- [WHAT IS NEEDED]: Could you restate word for word only the lines below from the one holding "Turn heads with" to the one holding "8mm Warning LED", inclusive, and leave out the pictures?

- [THE RECORDS]:
>>

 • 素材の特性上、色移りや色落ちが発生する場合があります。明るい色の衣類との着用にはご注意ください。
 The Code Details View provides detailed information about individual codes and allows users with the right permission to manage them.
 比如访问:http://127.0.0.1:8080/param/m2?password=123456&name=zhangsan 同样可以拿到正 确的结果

<<
>>

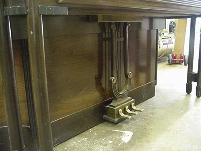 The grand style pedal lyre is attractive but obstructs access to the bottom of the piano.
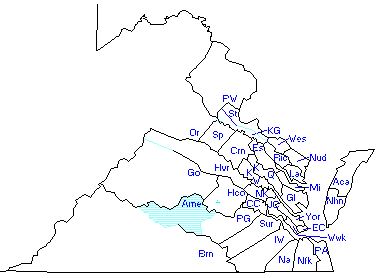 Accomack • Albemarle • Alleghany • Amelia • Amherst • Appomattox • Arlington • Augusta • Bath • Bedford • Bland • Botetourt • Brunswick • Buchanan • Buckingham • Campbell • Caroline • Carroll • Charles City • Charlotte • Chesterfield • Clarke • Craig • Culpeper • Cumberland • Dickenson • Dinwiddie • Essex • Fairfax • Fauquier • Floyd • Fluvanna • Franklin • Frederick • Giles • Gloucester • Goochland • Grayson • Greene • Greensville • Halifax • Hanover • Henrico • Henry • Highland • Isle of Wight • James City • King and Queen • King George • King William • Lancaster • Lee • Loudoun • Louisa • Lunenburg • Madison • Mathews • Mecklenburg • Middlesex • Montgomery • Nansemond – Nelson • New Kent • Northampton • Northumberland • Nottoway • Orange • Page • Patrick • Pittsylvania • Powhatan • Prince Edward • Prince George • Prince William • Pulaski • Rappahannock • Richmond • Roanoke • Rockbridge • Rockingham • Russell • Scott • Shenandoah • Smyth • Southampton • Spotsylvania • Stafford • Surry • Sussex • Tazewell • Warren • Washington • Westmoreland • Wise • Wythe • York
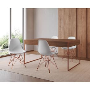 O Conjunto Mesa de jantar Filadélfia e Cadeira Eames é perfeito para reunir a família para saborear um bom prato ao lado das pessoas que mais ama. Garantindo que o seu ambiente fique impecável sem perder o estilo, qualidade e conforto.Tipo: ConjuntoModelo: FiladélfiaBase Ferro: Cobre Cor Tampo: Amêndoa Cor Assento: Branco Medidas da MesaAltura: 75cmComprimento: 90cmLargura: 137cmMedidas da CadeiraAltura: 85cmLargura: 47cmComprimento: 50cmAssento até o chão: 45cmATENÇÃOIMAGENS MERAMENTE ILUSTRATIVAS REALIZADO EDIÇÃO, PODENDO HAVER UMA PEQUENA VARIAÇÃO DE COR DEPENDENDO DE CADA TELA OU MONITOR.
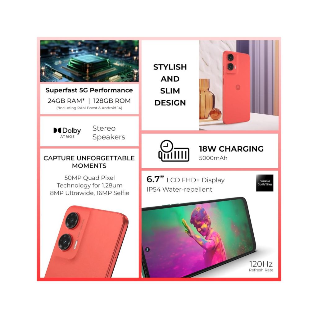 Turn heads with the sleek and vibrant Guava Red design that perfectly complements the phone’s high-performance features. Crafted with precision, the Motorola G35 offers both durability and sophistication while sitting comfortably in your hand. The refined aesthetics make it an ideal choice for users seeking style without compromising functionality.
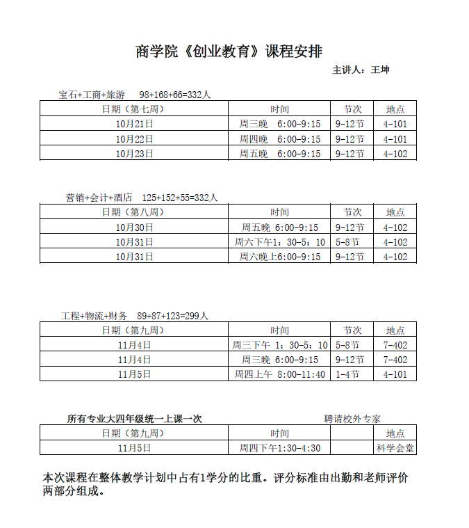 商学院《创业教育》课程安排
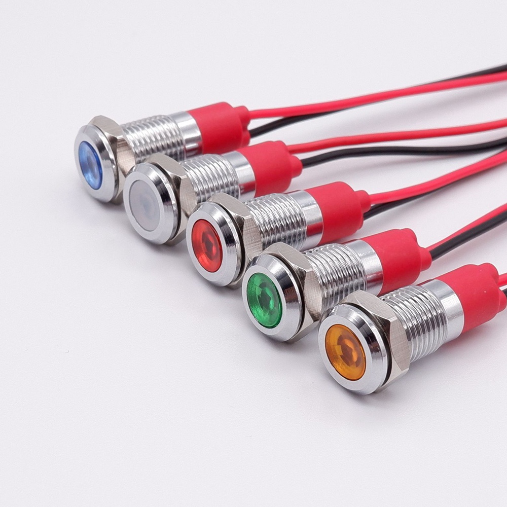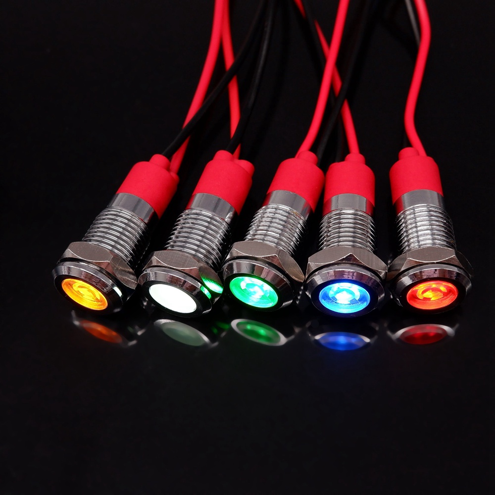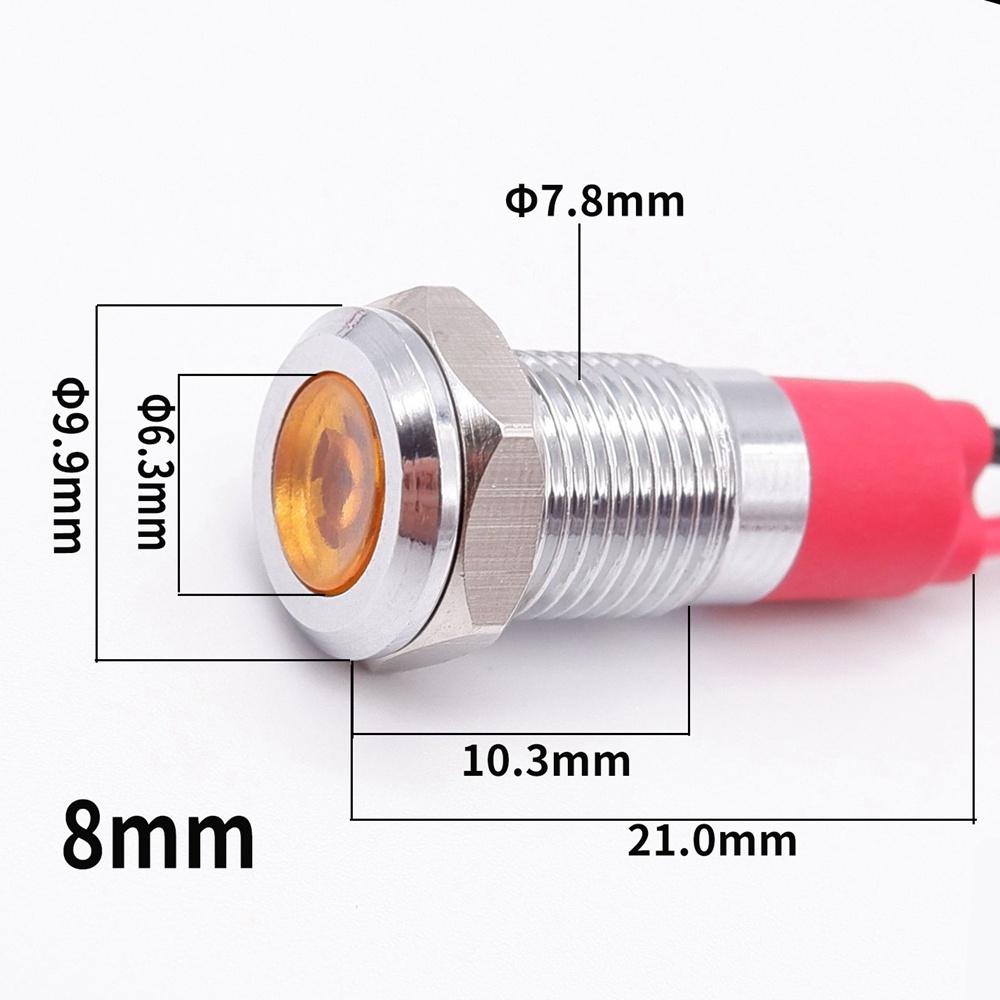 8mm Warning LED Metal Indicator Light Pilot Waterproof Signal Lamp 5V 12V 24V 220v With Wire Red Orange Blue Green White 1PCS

<<
>>

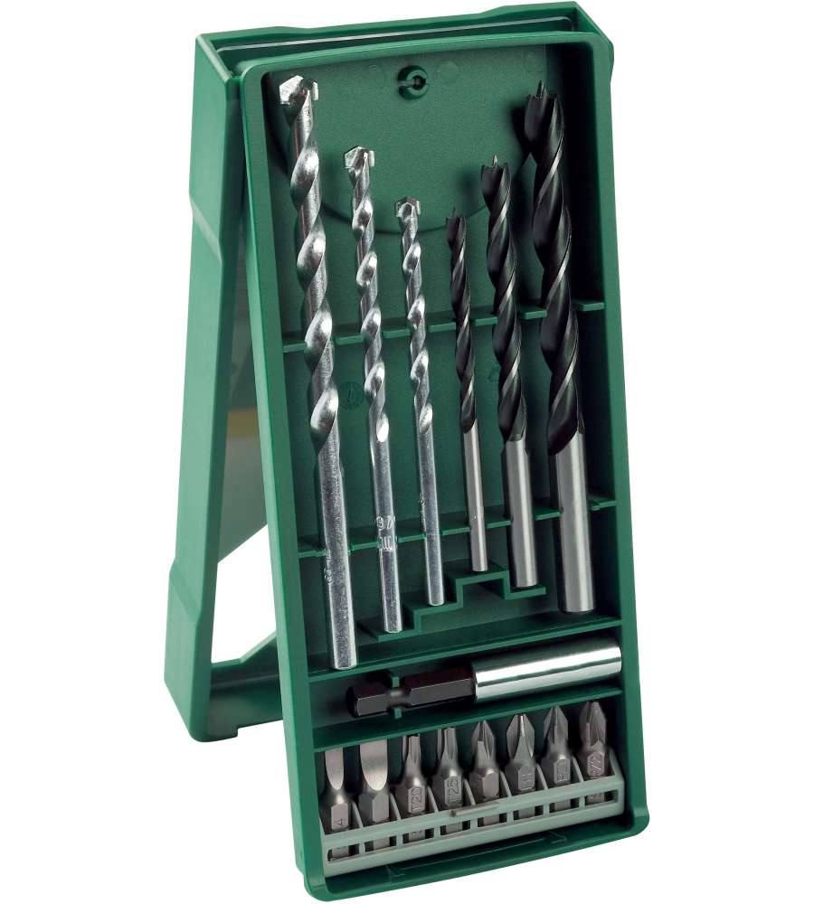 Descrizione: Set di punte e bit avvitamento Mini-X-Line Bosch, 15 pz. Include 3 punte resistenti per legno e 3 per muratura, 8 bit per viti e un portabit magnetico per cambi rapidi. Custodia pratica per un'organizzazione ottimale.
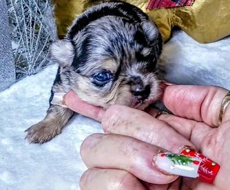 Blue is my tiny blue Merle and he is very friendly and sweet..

<<

- [YOUR RESPONSE]:
 Turn heads with the sleek and vibrant Guava Red design that perfectly complements the phone’s high-performance features. Crafted with precision, the Motorola G35 offers both durability and sophistication while sitting comfortably in your hand. The refined aesthetics make it an ideal choice for users seeking style without compromising functionality.
 商学院《创业教育》课程安排
 8mm Warning LED Metal Indicator Light Pilot Waterproof Signal Lamp 5V 12V 24V 220v With Wire Red Orange Blue Green White 1PCS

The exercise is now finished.